• Entries provided:
++++++++
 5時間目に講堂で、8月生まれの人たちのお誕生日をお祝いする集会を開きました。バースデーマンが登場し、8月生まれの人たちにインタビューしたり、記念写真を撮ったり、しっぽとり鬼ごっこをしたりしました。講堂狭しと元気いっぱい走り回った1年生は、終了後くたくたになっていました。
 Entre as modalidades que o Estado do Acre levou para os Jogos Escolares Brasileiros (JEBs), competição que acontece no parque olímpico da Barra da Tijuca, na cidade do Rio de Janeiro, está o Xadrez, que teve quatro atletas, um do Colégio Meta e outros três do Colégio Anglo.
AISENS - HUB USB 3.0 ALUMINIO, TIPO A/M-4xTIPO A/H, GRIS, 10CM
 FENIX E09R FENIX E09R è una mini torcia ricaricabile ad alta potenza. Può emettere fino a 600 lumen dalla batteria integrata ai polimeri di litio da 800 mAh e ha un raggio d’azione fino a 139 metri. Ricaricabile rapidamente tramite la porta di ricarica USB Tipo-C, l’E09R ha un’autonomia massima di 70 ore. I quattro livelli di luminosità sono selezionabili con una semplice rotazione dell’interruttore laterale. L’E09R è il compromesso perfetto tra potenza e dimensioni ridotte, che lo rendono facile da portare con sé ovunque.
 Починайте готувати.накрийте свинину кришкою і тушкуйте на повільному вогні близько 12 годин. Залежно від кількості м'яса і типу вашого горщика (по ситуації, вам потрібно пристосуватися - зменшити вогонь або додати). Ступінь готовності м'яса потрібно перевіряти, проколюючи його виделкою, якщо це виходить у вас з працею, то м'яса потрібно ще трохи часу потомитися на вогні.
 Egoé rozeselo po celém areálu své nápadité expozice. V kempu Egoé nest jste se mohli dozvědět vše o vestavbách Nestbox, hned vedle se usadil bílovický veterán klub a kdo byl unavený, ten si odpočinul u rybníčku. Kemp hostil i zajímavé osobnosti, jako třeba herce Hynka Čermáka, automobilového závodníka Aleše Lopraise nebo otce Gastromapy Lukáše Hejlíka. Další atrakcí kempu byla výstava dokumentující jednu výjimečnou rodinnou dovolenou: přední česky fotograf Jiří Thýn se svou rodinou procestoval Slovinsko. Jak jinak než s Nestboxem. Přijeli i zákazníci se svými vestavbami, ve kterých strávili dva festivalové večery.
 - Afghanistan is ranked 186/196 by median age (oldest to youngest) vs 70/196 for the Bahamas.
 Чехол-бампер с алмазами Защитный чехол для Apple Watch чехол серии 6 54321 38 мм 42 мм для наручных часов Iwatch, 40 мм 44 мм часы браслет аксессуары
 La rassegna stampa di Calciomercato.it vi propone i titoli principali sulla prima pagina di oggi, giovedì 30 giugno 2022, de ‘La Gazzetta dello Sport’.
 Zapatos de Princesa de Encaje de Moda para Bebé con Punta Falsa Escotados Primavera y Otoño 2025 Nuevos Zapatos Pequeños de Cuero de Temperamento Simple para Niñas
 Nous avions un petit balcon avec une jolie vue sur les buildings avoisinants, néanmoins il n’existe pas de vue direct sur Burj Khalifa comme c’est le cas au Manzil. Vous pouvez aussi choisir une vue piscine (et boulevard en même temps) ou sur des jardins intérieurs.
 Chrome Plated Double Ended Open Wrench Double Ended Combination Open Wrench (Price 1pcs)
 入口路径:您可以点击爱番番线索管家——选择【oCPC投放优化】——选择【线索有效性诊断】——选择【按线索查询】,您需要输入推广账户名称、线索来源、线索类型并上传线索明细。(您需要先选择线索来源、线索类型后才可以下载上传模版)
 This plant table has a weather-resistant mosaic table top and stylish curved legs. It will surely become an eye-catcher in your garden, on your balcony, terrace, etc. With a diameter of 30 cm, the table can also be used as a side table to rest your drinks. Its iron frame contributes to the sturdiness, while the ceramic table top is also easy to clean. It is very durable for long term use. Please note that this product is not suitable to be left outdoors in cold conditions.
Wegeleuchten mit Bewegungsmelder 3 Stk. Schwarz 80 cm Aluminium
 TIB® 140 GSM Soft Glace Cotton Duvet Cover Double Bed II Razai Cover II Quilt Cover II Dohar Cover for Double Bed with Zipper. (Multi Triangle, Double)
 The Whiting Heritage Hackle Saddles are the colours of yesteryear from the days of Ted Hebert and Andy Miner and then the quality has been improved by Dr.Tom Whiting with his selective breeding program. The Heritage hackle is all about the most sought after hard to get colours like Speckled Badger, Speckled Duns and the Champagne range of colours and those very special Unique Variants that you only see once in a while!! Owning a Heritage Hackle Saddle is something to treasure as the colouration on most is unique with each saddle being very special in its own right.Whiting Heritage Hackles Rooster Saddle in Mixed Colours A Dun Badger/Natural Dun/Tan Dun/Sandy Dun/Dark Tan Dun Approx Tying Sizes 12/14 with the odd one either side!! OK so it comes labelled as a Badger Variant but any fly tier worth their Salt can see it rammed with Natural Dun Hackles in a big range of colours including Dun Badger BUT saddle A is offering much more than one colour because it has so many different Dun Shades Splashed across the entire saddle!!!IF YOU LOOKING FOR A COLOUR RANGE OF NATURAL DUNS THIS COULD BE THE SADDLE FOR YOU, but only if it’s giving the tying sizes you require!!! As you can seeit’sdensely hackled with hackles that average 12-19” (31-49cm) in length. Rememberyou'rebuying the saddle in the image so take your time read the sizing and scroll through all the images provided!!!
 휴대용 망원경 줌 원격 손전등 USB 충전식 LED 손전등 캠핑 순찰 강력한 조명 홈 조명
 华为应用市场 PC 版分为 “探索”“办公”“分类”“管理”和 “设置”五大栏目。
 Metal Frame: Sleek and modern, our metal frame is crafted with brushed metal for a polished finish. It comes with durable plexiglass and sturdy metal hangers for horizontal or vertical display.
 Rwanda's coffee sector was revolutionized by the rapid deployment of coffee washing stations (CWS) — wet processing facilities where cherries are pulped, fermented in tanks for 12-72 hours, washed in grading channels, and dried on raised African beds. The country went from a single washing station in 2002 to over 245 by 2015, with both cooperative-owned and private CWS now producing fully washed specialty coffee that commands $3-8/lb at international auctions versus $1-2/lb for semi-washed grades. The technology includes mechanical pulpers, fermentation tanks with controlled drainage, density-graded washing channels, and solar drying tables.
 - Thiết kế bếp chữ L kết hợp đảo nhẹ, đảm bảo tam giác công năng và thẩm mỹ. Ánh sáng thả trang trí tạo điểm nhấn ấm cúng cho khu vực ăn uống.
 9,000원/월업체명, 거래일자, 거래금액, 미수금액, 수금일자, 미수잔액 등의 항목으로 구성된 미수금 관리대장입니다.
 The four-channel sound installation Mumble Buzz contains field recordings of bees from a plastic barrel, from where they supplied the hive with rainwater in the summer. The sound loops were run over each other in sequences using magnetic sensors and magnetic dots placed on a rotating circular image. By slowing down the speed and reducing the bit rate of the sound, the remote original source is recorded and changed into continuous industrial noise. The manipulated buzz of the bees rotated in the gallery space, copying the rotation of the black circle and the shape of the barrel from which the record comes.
++++++++
• Exercise objective:
Reproduce the material in full, with no word added or dropped.

• Answer space:
 5時間目に講堂で、8月生まれの人たちのお誕生日をお祝いする集会を開きました。バースデーマンが登場し、8月生まれの人たちにインタビューしたり、記念写真を撮ったり、しっぽとり鬼ごっこをしたりしました。講堂狭しと元気いっぱい走り回った1年生は、終了後くたくたになっていました。
 Entre as modalidades que o Estado do Acre levou para os Jogos Escolares Brasileiros (JEBs), competição que acontece no parque olímpico da Barra da Tijuca, na cidade do Rio de Janeiro, está o Xadrez, que teve quatro atletas, um do Colégio Meta e outros três do Colégio Anglo.
AISENS - HUB USB 3.0 ALUMINIO, TIPO A/M-4xTIPO A/H, GRIS, 10CM
 FENIX E09R FENIX E09R è una mini torcia ricaricabile ad alta potenza. Può emettere fino a 600 lumen dalla batteria integrata ai polimeri di litio da 800 mAh e ha un raggio d’azione fino a 139 metri. Ricaricabile rapidamente tramite la porta di ricarica USB Tipo-C, l’E09R ha un’autonomia massima di 70 ore. I quattro livelli di luminosità sono selezionabili con una semplice rotazione dell’interruttore laterale. L’E09R è il compromesso perfetto tra potenza e dimensioni ridotte, che lo rendono facile da portare con sé ovunque.
 Починайте готувати.накрийте свинину кришкою і тушкуйте на повільному вогні близько 12 годин. Залежно від кількості м'яса і типу вашого горщика (по ситуації, вам потрібно пристосуватися - зменшити вогонь або додати). Ступінь готовності м'яса потрібно перевіряти, проколюючи його виделкою, якщо це виходить у вас з працею, то м'яса потрібно ще трохи часу потомитися на вогні.
 Egoé rozeselo po celém areálu své nápadité expozice. V kempu Egoé nest jste se mohli dozvědět vše o vestavbách Nestbox, hned vedle se usadil bílovický veterán klub a kdo byl unavený, ten si odpočinul u rybníčku. Kemp hostil i zajímavé osobnosti, jako třeba herce Hynka Čermáka, automobilového závodníka Aleše Lopraise nebo otce Gastromapy Lukáše Hejlíka. Další atrakcí kempu byla výstava dokumentující jednu výjimečnou rodinnou dovolenou: přední česky fotograf Jiří Thýn se svou rodinou procestoval Slovinsko. Jak jinak než s Nestboxem. Přijeli i zákazníci se svými vestavbami, ve kterých strávili dva festivalové večery.
 - Afghanistan is ranked 186/196 by median age (oldest to youngest) vs 70/196 for the Bahamas.
 Чехол-бампер с алмазами Защитный чехол для Apple Watch чехол серии 6 54321 38 мм 42 мм для наручных часов Iwatch, 40 мм 44 мм часы браслет аксессуары
 La rassegna stampa di Calciomercato.it vi propone i titoli principali sulla prima pagina di oggi, giovedì 30 giugno 2022, de ‘La Gazzetta dello Sport’.
 Zapatos de Princesa de Encaje de Moda para Bebé con Punta Falsa Escotados Primavera y Otoño 2025 Nuevos Zapatos Pequeños de Cuero de Temperamento Simple para Niñas
 Nous avions un petit balcon avec une jolie vue sur les buildings avoisinants, néanmoins il n’existe pas de vue direct sur Burj Khalifa comme c’est le cas au Manzil. Vous pouvez aussi choisir une vue piscine (et boulevard en même temps) ou sur des jardins intérieurs.
 Chrome Plated Double Ended Open Wrench Double Ended Combination Open Wrench (Price 1pcs)
 入口路径:您可以点击爱番番线索管家——选择【oCPC投放优化】——选择【线索有效性诊断】——选择【按线索查询】,您需要输入推广账户名称、线索来源、线索类型并上传线索明细。(您需要先选择线索来源、线索类型后才可以下载上传模版)
 This plant table has a weather-resistant mosaic table top and stylish curved legs. It will surely become an eye-catcher in your garden, on your balcony, terrace, etc. With a diameter of 30 cm, the table can also be used as a side table to rest your drinks. Its iron frame contributes to the sturdiness, while the ceramic table top is also easy to clean. It is very durable for long term use. Please note that this product is not suitable to be left outdoors in cold conditions.
Wegeleuchten mit Bewegungsmelder 3 Stk. Schwarz 80 cm Aluminium
 TIB® 140 GSM Soft Glace Cotton Duvet Cover Double Bed II Razai Cover II Quilt Cover II Dohar Cover for Double Bed with Zipper. (Multi Triangle, Double)
 The Whiting Heritage Hackle Saddles are the colours of yesteryear from the days of Ted Hebert and Andy Miner and then the quality has been improved by Dr.Tom Whiting with his selective breeding program. The Heritage hackle is all about the most sought after hard to get colours like Speckled Badger, Speckled Duns and the Champagne range of colours and those very special Unique Variants that you only see once in a while!! Owning a Heritage Hackle Saddle is something to treasure as the colouration on most is unique with each saddle being very special in its own right.Whiting Heritage Hackles Rooster Saddle in Mixed Colours A Dun Badger/Natural Dun/Tan Dun/Sandy Dun/Dark Tan Dun Approx Tying Sizes 12/14 with the odd one either side!! OK so it comes labelled as a Badger Variant but any fly tier worth their Salt can see it rammed with Natural Dun Hackles in a big range of colours including Dun Badger BUT saddle A is offering much more than one colour because it has so many different Dun Shades Splashed across the entire saddle!!!IF YOU LOOKING FOR A COLOUR RANGE OF NATURAL DUNS THIS COULD BE THE SADDLE FOR YOU, but only if it’s giving the tying sizes you require!!! As you can seeit’sdensely hackled with hackles that average 12-19” (31-49cm) in length. Rememberyou'rebuying the saddle in the image so take your time read the sizing and scroll through all the images provided!!!
 휴대용 망원경 줌 원격 손전등 USB 충전식 LED 손전등 캠핑 순찰 강력한 조명 홈 조명
 华为应用市场 PC 版分为 “探索”“办公”“分类”“管理”和 “设置”五大栏目。
 Metal Frame: Sleek and modern, our metal frame is crafted with brushed metal for a polished finish. It comes with durable plexiglass and sturdy metal hangers for horizontal or vertical display.
 Rwanda's coffee sector was revolutionized by the rapid deployment of coffee washing stations (CWS) — wet processing facilities where cherries are pulped, fermented in tanks for 12-72 hours, washed in grading channels, and dried on raised African beds. The country went from a single washing station in 2002 to over 245 by 2015, with both cooperative-owned and private CWS now producing fully washed specialty coffee that commands $3-8/lb at international auctions versus $1-2/lb for semi-washed grades. The technology includes mechanical pulpers, fermentation tanks with controlled drainage, density-graded washing channels, and solar drying tables.
 - Thiết kế bếp chữ L kết hợp đảo nhẹ, đảm bảo tam giác công năng và thẩm mỹ. Ánh sáng thả trang trí tạo điểm nhấn ấm cúng cho khu vực ăn uống.
 9,000원/월업체명, 거래일자, 거래금액, 미수금액, 수금일자, 미수잔액 등의 항목으로 구성된 미수금 관리대장입니다.
 The four-channel sound installation Mumble Buzz contains field recordings of bees from a plastic barrel, from where they supplied the hive with rainwater in the summer. The sound loops were run over each other in sequences using magnetic sensors and magnetic dots placed on a rotating circular image. By slowing down the speed and reducing the bit rate of the sound, the remote original source is recorded and changed into continuous industrial noise. The manipulated buzz of the bees rotated in the gallery space, copying the rotation of the black circle and the shape of the barrel from which the record comes.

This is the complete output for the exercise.